### WHAT NEEDS TO BE DONE
The whole listing is to be written out again exactly; the pictures are not.

### RECORD EXTRACTS
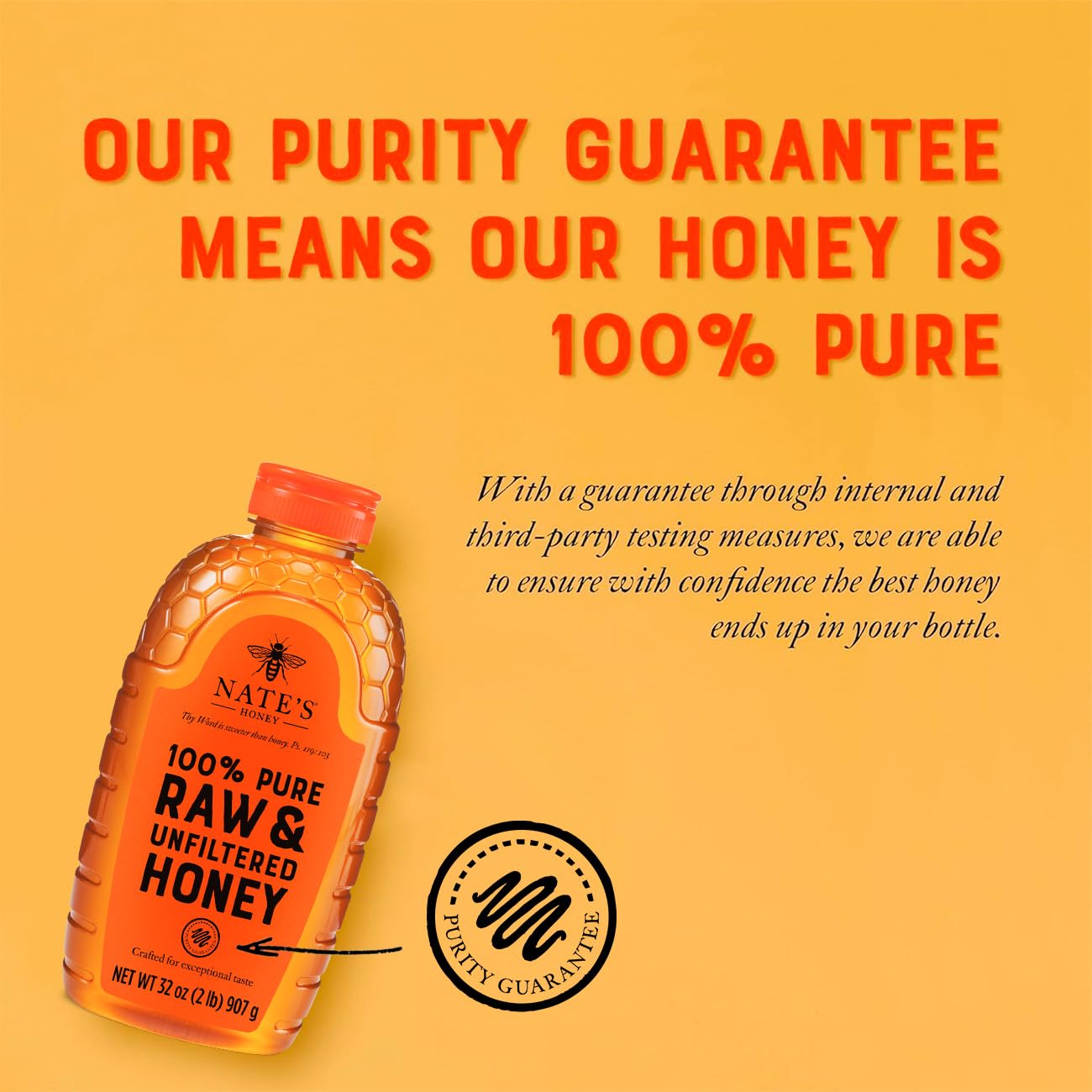 PURITY GUARANTEE: Every bottle of Nate’s most-trusted honey has a purity guarantee to uphold strict testing standards that provide an unmatched level of care and precision that would make any honeybee proud.
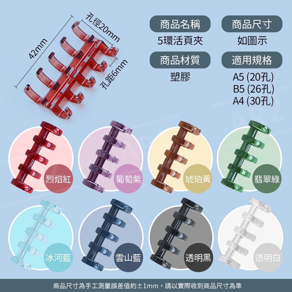 八色 5孔活頁環 可拆環【ARZ 實拍現貨】【D247】活頁本 DIY筆記本 活頁圈 活頁夾 線圈裝訂 活頁孔 活頁扣環烈焰紅,12mm內徑|雲山藍,12mm內徑|冰河藍,12mm內徑|透明黑,12mm內徑|透明白,12mm內徑|翡翠綠,12mm內徑|葡萄紫,12mm內徑|琥珀黃,12mm內徑Loose LeafARZ行動商城
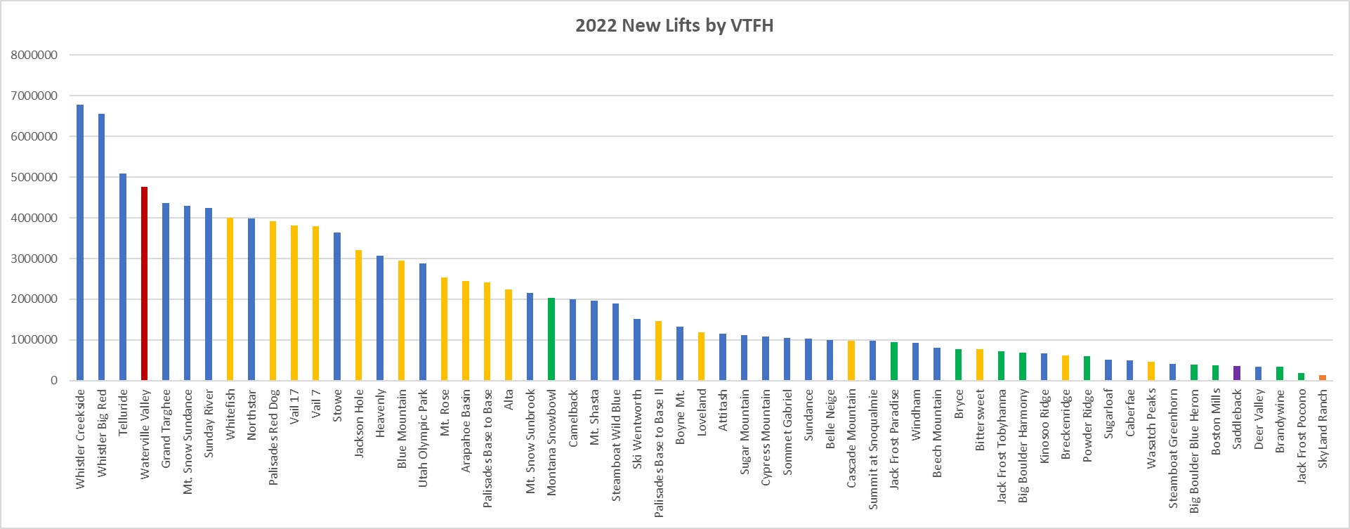 Vail Resorts realized an incredible 18 new lifts at 12 resorts for the 2022-23 season, the largest-ever investment by the firm and probably any company in North American ski history. Boyne Resorts also went big with multiple eight place installations and a half dozen projects total as it continued renewing lift fleets across its ten resort portfolio. Five year old Alterra Mountain Company launched giant new gondolas at Palisades Tahoe and Steamboat with more big projects in the pipeline for 2023.
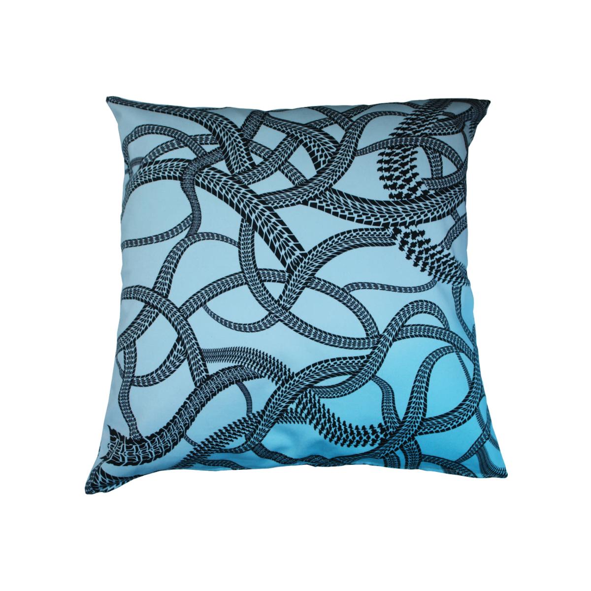 Colourful digitally printed Sonia cushion is featuring print of tire tracks. This large cushion is printed on both sides and is a large size. This cushion is up cycled from the fabrics left from our clothing production. Made in our studio in London. Machine wash in 30c 97% Cotton 3% Spandex
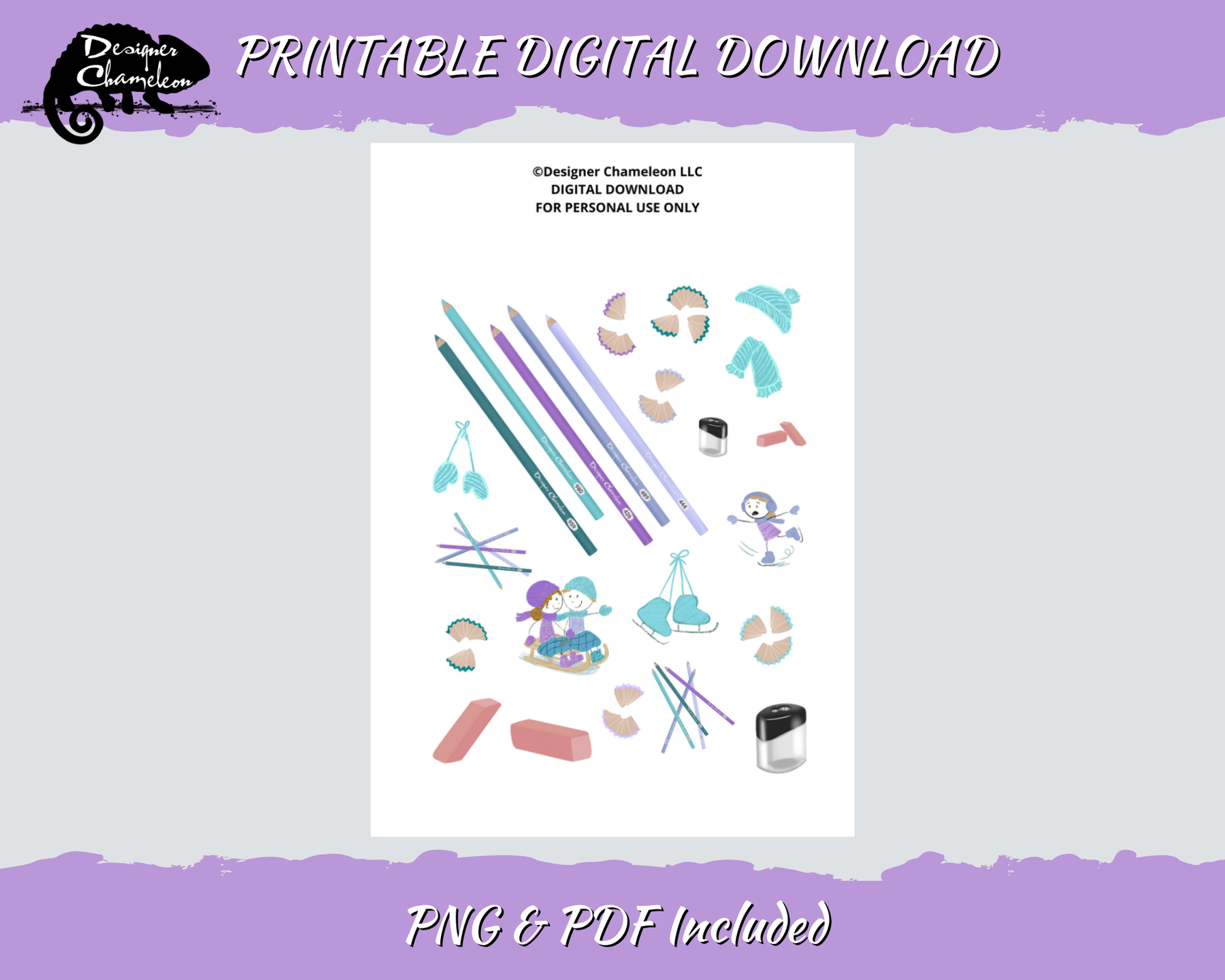 Add a fun, snow day adventure to your journal/planner with these cute pencil pals!
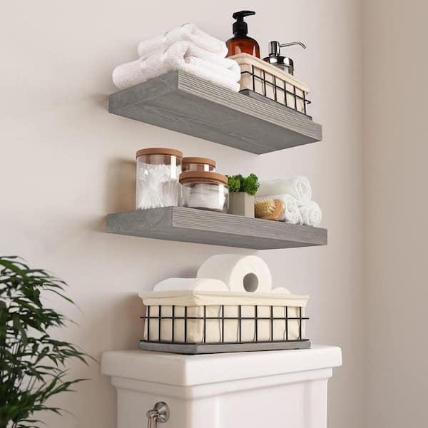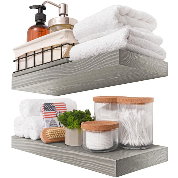 16 in. W x 6.7 in. D Solid ​Wood Grey Decorative Wall Shelf (Set of 2)
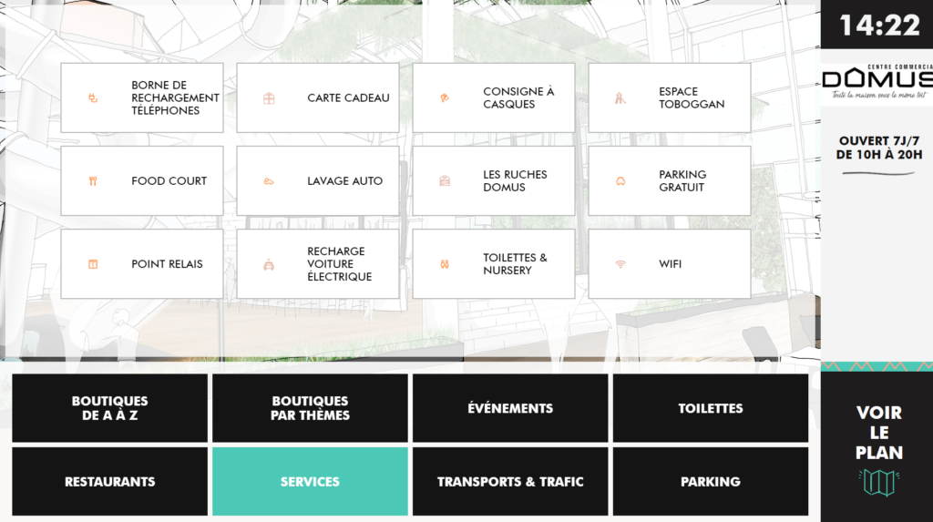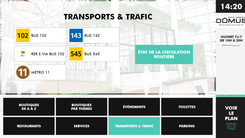 Located in Rosny-sous-Bois, in the Île-de-France region, the Domus shopping center has renewed its trust in ViaDirect after more than 8 years of collaboration. As a result, the mall has upgraded the design of its six digital wayfinding kiosks to further enhance the overall digital experience.
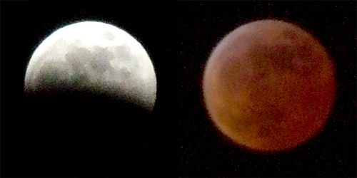 3.21 am - The moon appears totally immersed. There is a yellow sliver at the south east limb. The bulk of the moon is orange.
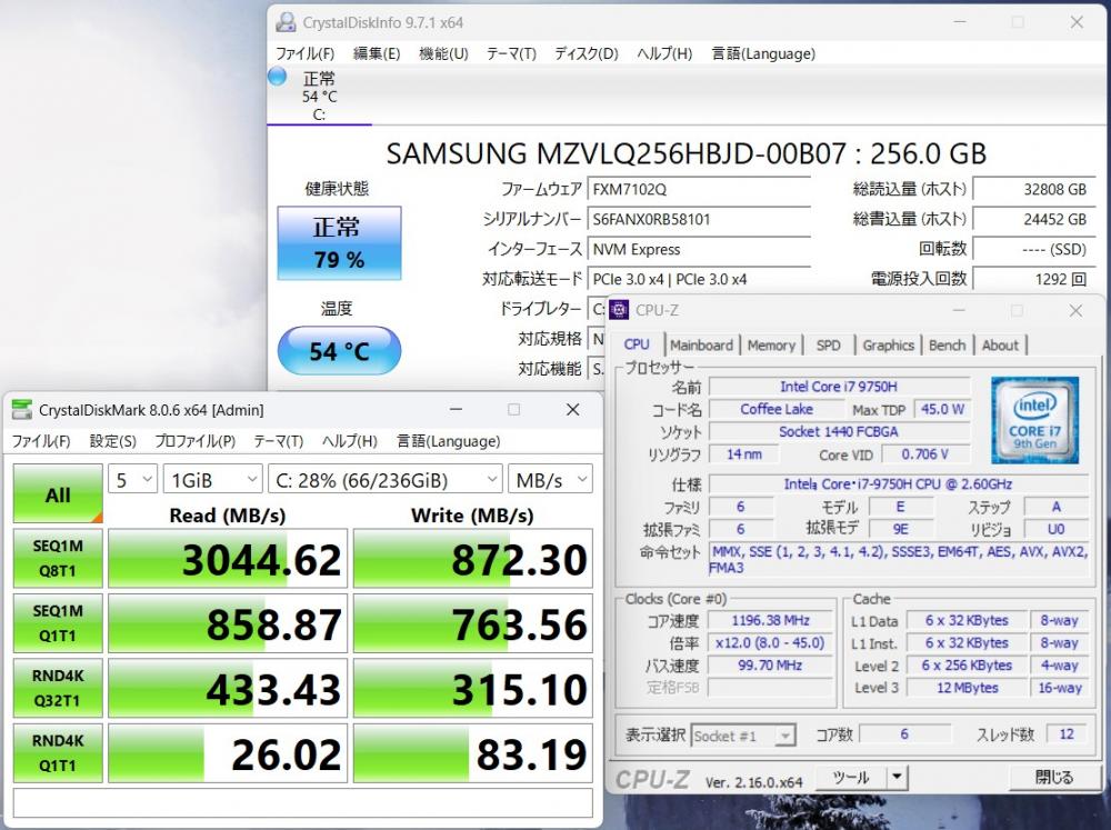 | CPU: 超高速 Intel 超高性能 第9世代Core i7-9750H 2.2Ghz、 6コア12スレッド (ターボ・ブースト利用時の最大周波数 4.1GHz) |

### RESULT BELOW
 PURITY GUARANTEE: Every bottle of Nate’s most-trusted honey has a purity guarantee to uphold strict testing standards that provide an unmatched level of care and precision that would make any honeybee proud.
 八色 5孔活頁環 可拆環【ARZ 實拍現貨】【D247】活頁本 DIY筆記本 活頁圈 活頁夾 線圈裝訂 活頁孔 活頁扣環烈焰紅,12mm內徑|雲山藍,12mm內徑|冰河藍,12mm內徑|透明黑,12mm內徑|透明白,12mm內徑|翡翠綠,12mm內徑|葡萄紫,12mm內徑|琥珀黃,12mm內徑Loose LeafARZ行動商城
 Vail Resorts realized an incredible 18 new lifts at 12 resorts for the 2022-23 season, the largest-ever investment by the firm and probably any company in North American ski history. Boyne Resorts also went big with multiple eight place installations and a half dozen projects total as it continued renewing lift fleets across its ten resort portfolio. Five year old Alterra Mountain Company launched giant new gondolas at Palisades Tahoe and Steamboat with more big projects in the pipeline for 2023.
 Colourful digitally printed Sonia cushion is featuring print of tire tracks. This large cushion is printed on both sides and is a large size. This cushion is up cycled from the fabrics left from our clothing production. Made in our studio in London. Machine wash in 30c 97% Cotton 3% Spandex
 Add a fun, snow day adventure to your journal/planner with these cute pencil pals!
 16 in. W x 6.7 in. D Solid ​Wood Grey Decorative Wall Shelf (Set of 2)
 Located in Rosny-sous-Bois, in the Île-de-France region, the Domus shopping center has renewed its trust in ViaDirect after more than 8 years of collaboration. As a result, the mall has upgraded the design of its six digital wayfinding kiosks to further enhance the overall digital experience.
 3.21 am - The moon appears totally immersed. There is a yellow sliver at the south east limb. The bulk of the moon is orange.
 | CPU: 超高速 Intel 超高性能 第9世代Core i7-9750H 2.2Ghz、 6コア12スレッド (ターボ・ブースト利用時の最大周波数 4.1GHz) |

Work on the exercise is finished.